A principal função do parlamento de 1995 era legislar. Assim, no período compreendido entre 1995 e 1999, foram promulgadas cerca de 1.000 leis, das quais mais de 700 entraram em vigor (Kriashkov 2000, p. 67). Além disso, a duma também trabalhou nos novos códigos civil, orçamentário, tributário, aduaneiro e penal, além de promulgar leis federais que garantem os direitos e liberdades do cidadão (direito ao voto, liberdade de associação, liberdade de circulação, direito de recorrer à justiça contra decisões e ações ilegais, direitos das minorias nacionais e direito à liberdade de pensamento, dentre outros). O parlamento também criou regulamentos que regem a organização e a atividade dos órgãos do Estado e dos órgãos da administração autônoma; regulamentou o status dos juízes, o Tribunal Constitucional da Federação da Rússia e os princípios gerais da nova organização federativa russa (Kriashkov 2000, p. 67-68).

Surpreendentemente, a Duma não tem poderes constitucionais para fiscalizar as atividades do Executivo (Strepetova 2000, p. 57). Isto significa que o máximo que o parlamento pode fazer é promulgar leis federais que podem ir contra as ações do Executivo, o qual pode usar seu poder de veto sobre as leis que tentem cercear as atividades deste poder.

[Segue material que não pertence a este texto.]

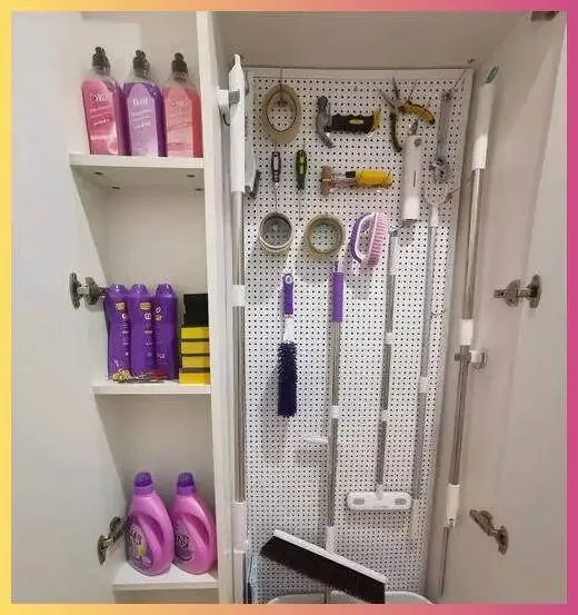 内部怎么分配的呢?上面是开放式的隔板,放那些经常用的东西——扫帚、拖把、吸尘器;中间用抽屉,装清洁剂、垃圾袋这些消耗品;下面留了个通风的空间,小的垃圾桶就可以放进去。最妙的是,她还在柜子内侧贴了防水板,再装了个小挂杆,湿拖把直接挂上去就能干,再也不用担心滴水的问题。
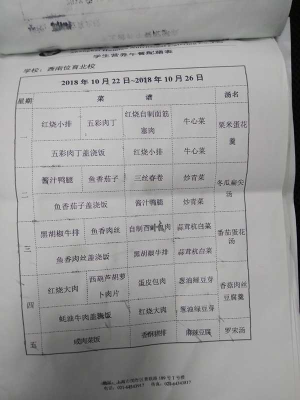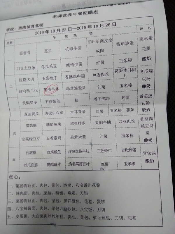 北校区第8周菜单
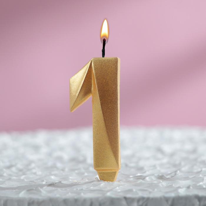 Свеча "Грань", цифра 1, золотой металлик
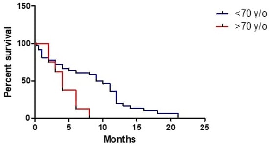 Analysis of correlation between age and OS revealed a 4% higher relative risk for every year (HR 1.039, 95% CI: 1.010–1.069, p < 0.009) with a worse prognosis among patients with an age ≥70 years (HR 3.064, 95% CI: 1.271–7.385, p < 0.013) (Figure 1). On the contrary, sex was not shown as a prognosis factor (HR 0.819, 95% CI: 0.4204–1.595, p = 0.557) as well as preoperative KPS (HR 1.009, 95% CI: 0.987–1.031, p = 0.418).
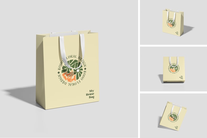 用这些精美的样机展示您的高品质购物袋样机设计。此样机包含 4 个项目,并提供分层清晰的 PSD 文件。此外,此样机还采用了智能对象功能,这意味着您只需几秒钟即可轻松快捷地将当前设计替换为您自己的设计。
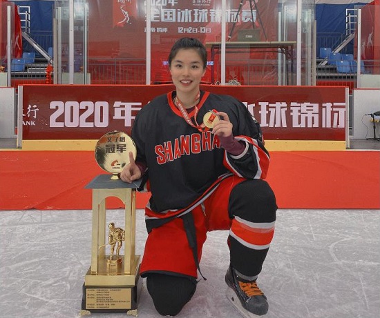 近日,在刚刚落幕的全国冰球锦标赛上,我校经管学院2019级市场营销(中加合作)专业学生黄滟作为上海队主力队员,五战全胜勇夺冠军,这也是上海队首获此项殊荣。
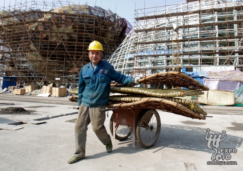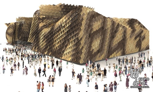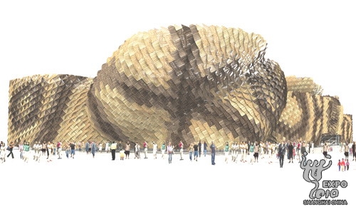 Le cadre en acier de la structure de 7000 mètres carrés, dans une position avantageuse sur la rive du fleuve Huangpu, près du pont Lupu, est couvert, ou comme les organisateurs préfèrent, «habillé» de plus de 8000 panneaux d'osier.
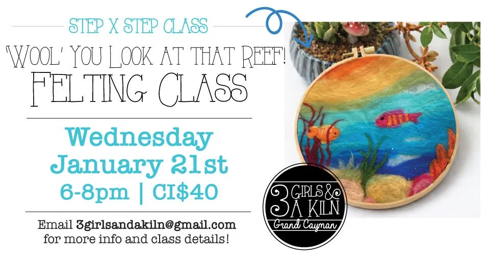 Secure your spot by contacting us at 3girlsandakiln@gmail.com. Limited spaces are available, so don't miss out on this opportunity to create your own awesome wool underwater felted scene!
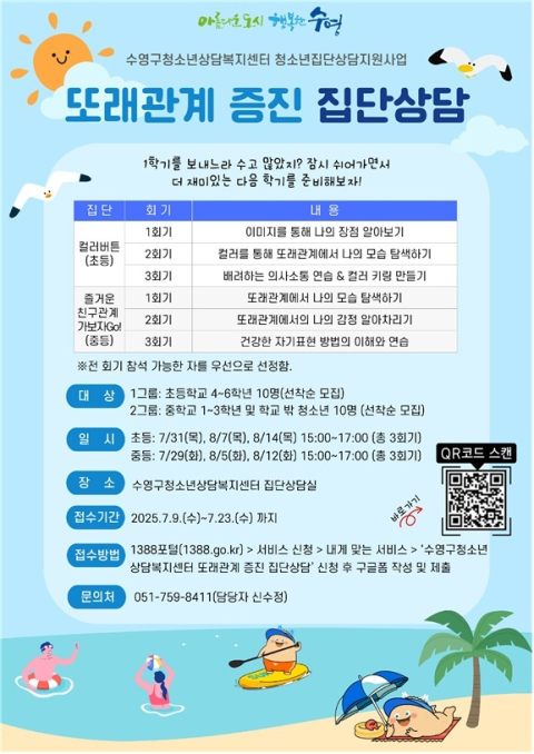 부산 수영구(구청장 강성태)는 수영구청소년상담복지센터(센터장 탁희욱)에서 오는 7월 29일부터 8월 14일까지 초등학교 고학년, 중학생 및 학교 밖 청소년을 대상으로 ‘또래관계 증진 집단상담’을 운영한다고 밝혔다.
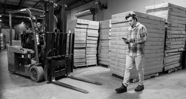 ¿Qué hay de malo en esta foto? Hay un trabajador caminando y usando su teléfono móvil sin prestar atención a lo que hay a su alrededor. Puede resultar gravemente herido por una carretilla elevadora en funcionamiento. Las lesiones por “caminar distraído” se han duplicado con creces desde 2004, y las encuestas han demostrado que el 60% de los peatones también se distraen con otras actividades mientras caminan.
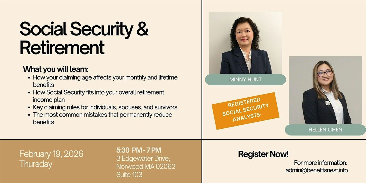 Social Security is one of the most important income sources in retirement, yet it is also one of the most misunderstood. Small claiming decisions can create permanent impacts on your lifetime income. This workshop is designed to help you understand your options clearly and make informed choices with confidence.
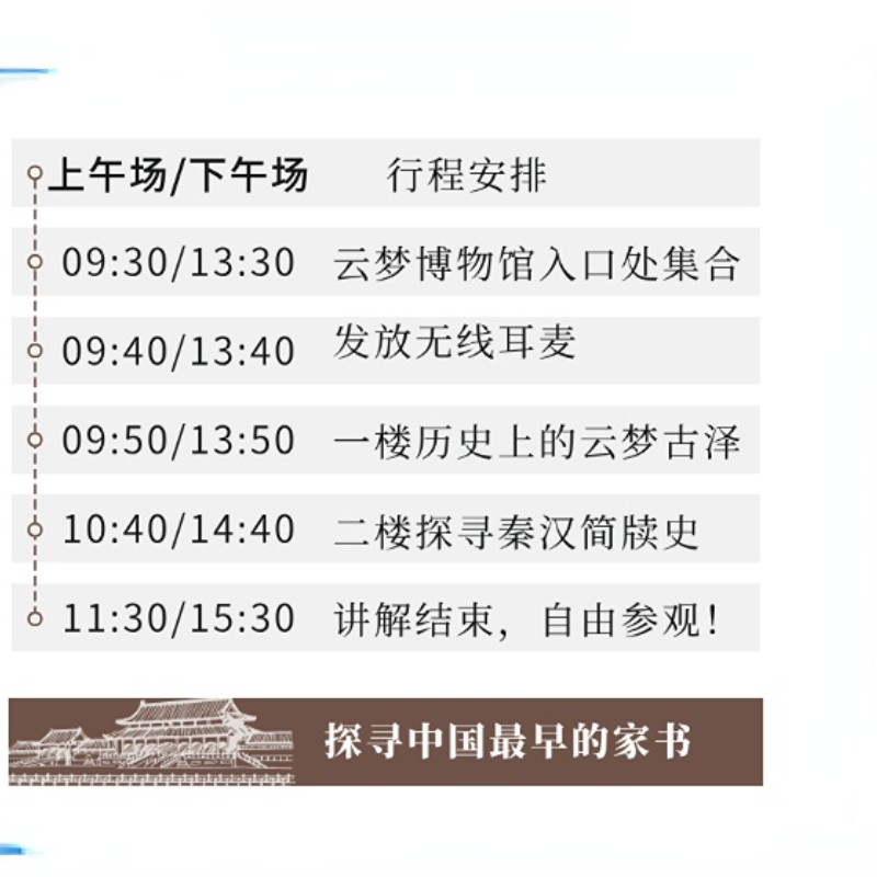 无需拼团、不设最低成行人数,本产品支持单人预订,特别适合独自出差的商务人士。在孝感短暂驻留期间,利用午休或下午空档,走进祥山博物馆,在专业导览下快速掌握云梦地区的历史脉络。全程半日安排,不打乱原有差旅行程,却能收获一段有深度的文化休憩时光,让差旅不再只是奔波。
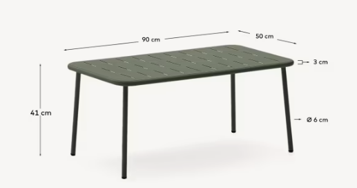 Zivia je záhradný kávový stolík, ktorý očarí svojím jednoduchým, minimalistickým dizajnom a odolnosťou. Jeho oceľová, pozinkovaná konštrukcia v zelenej úprave zabezpečuje vysokú odolnosť voči opotrebovaniu a korózii, vďaka čomu sa skvele hodí do vonkajších aj vnútorných priestorov.
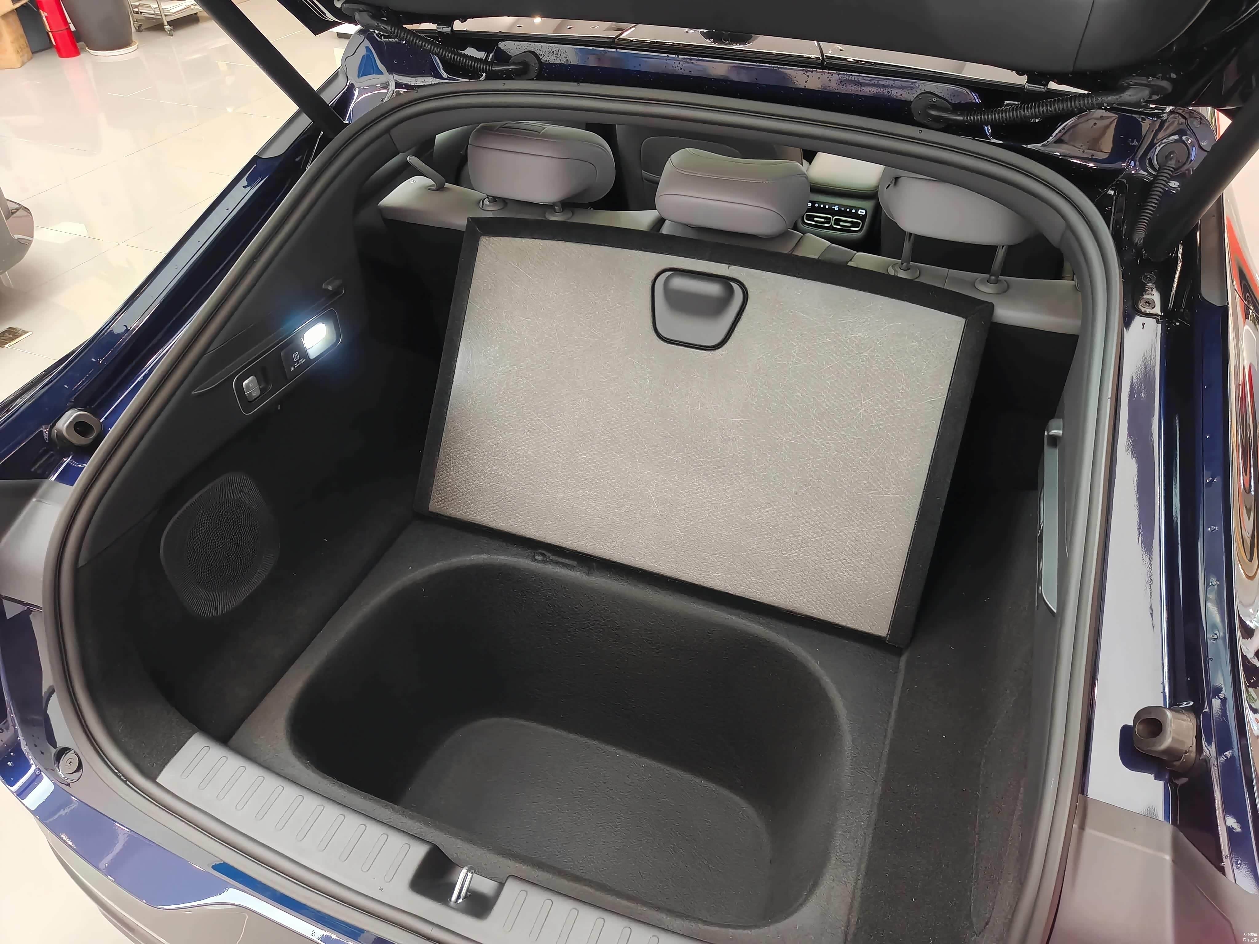 车尾部分采用了半环状的连续尾灯和发光的logo,与前面的设计形成了和谐的呼应。下方的八字形发光条与C形线条相结合,底部装饰有夸张的熏黑扩散器和小鸭尾的设计,使得整个尾部展现出强烈的运动氛围。掀背式的尾门设计允许通过轻拍车标来打开,配备了81升的下沉空间和后排座椅的一键放倒功能,确保后备箱的实用性不会减弱。

A política econômica de transição, por exemplo, ficou totalmente nas mãos do poder Executivo, que agiu “livremente”, sem a fiscalização que normalmente é realizada pelo poder Legislativo.

(4) Devido aos poderes extraordinários concedidos ao presidente em 1991, quando da dissolução da União Soviética, e ainda vigentes, e também devido ao fato de que a lei eleitoral ainda não havia sido sancionada por Ieltsin, ou seja, o presidente russo poderia vetar tal lei e impedir a realização das eleições em 1995.